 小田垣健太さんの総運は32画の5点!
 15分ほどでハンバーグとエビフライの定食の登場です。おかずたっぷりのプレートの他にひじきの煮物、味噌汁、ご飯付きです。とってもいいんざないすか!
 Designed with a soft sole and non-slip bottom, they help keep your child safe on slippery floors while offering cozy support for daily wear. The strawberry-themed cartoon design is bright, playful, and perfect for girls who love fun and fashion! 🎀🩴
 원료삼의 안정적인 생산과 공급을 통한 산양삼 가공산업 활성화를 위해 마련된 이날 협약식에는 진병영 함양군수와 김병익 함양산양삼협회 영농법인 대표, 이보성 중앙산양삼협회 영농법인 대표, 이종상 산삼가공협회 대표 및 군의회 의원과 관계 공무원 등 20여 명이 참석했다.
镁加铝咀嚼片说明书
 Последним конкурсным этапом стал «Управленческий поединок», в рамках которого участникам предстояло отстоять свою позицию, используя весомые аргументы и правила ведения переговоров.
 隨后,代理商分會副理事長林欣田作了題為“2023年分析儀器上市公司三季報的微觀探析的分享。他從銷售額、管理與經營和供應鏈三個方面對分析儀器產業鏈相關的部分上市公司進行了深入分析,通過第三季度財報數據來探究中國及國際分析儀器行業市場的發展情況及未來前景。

---

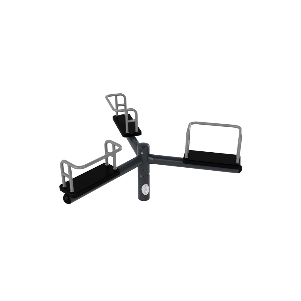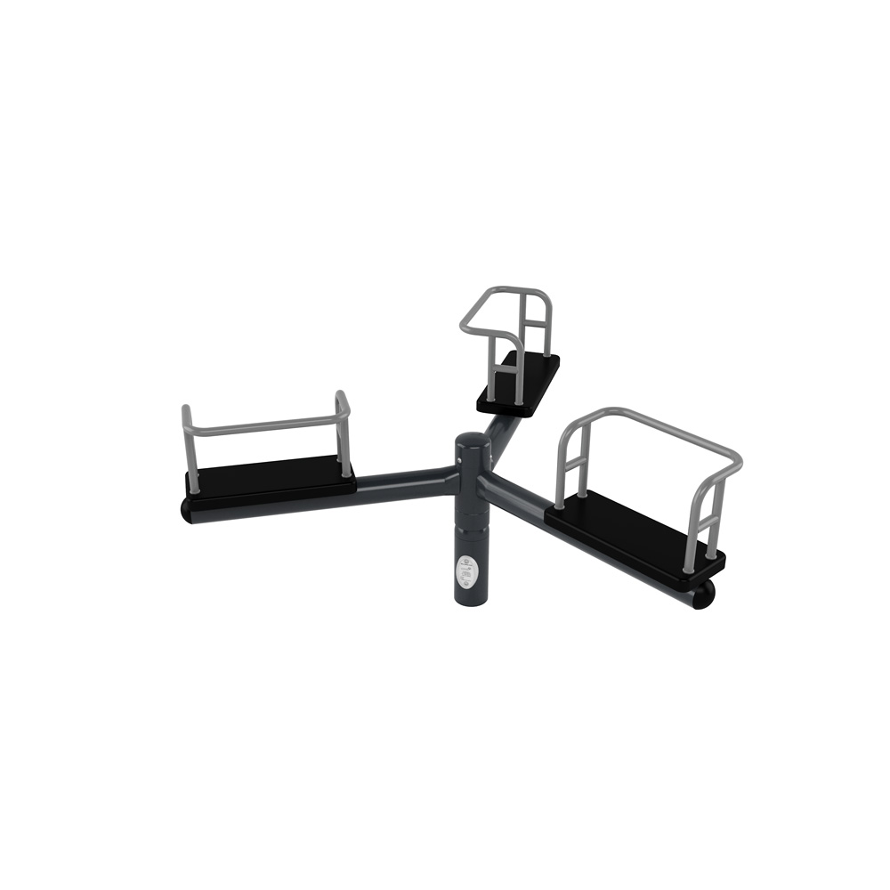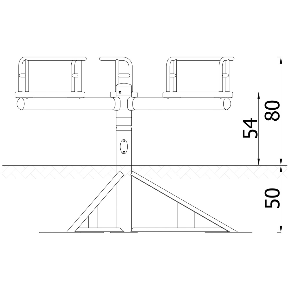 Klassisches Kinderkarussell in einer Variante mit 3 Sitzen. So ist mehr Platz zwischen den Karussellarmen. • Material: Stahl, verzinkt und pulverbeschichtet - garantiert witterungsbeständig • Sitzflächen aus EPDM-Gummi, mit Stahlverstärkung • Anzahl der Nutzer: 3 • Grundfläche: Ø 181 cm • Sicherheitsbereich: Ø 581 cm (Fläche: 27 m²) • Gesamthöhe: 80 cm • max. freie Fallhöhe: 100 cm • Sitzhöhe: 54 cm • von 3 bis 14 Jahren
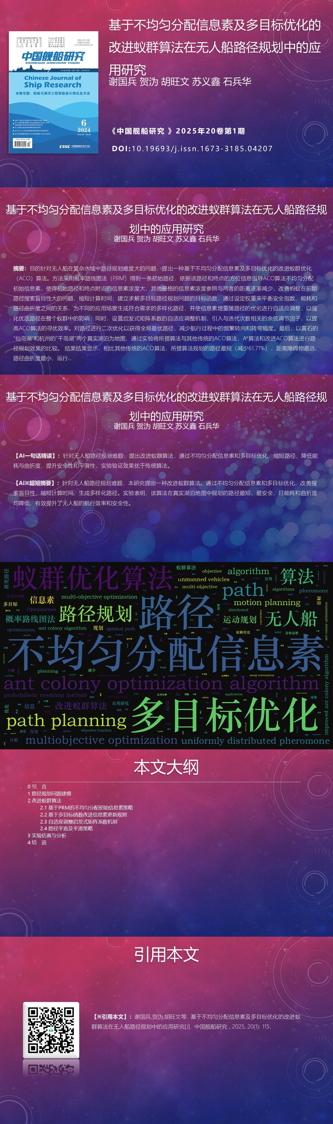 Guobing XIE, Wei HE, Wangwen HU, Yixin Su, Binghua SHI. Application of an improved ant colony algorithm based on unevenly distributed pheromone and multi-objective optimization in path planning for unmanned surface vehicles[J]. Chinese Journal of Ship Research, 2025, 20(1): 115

*Instructions to follow*
All lines in the data above from the one with "15分ほどでハンバーグとエビ" through the one with "隨后,代理商分會副理事長林欣" must be repeated exactly, and no others.

*Answer to the problem*
 15分ほどでハンバーグとエビフライの定食の登場です。おかずたっぷりのプレートの他にひじきの煮物、味噌汁、ご飯付きです。とってもいいんざないすか!
 Designed with a soft sole and non-slip bottom, they help keep your child safe on slippery floors while offering cozy support for daily wear. The strawberry-themed cartoon design is bright, playful, and perfect for girls who love fun and fashion! 🎀🩴
 원료삼의 안정적인 생산과 공급을 통한 산양삼 가공산업 활성화를 위해 마련된 이날 협약식에는 진병영 함양군수와 김병익 함양산양삼협회 영농법인 대표, 이보성 중앙산양삼협회 영농법인 대표, 이종상 산삼가공협회 대표 및 군의회 의원과 관계 공무원 등 20여 명이 참석했다.
镁加铝咀嚼片说明书
 Последним конкурсным этапом стал «Управленческий поединок», в рамках которого участникам предстояло отстоять свою позицию, используя весомые аргументы и правила ведения переговоров.
 隨后,代理商分會副理事長林欣田作了題為“2023年分析儀器上市公司三季報的微觀探析的分享。他從銷售額、管理與經營和供應鏈三個方面對分析儀器產業鏈相關的部分上市公司進行了深入分析,通過第三季度財報數據來探究中國及國際分析儀器行業市場的發展情況及未來前景。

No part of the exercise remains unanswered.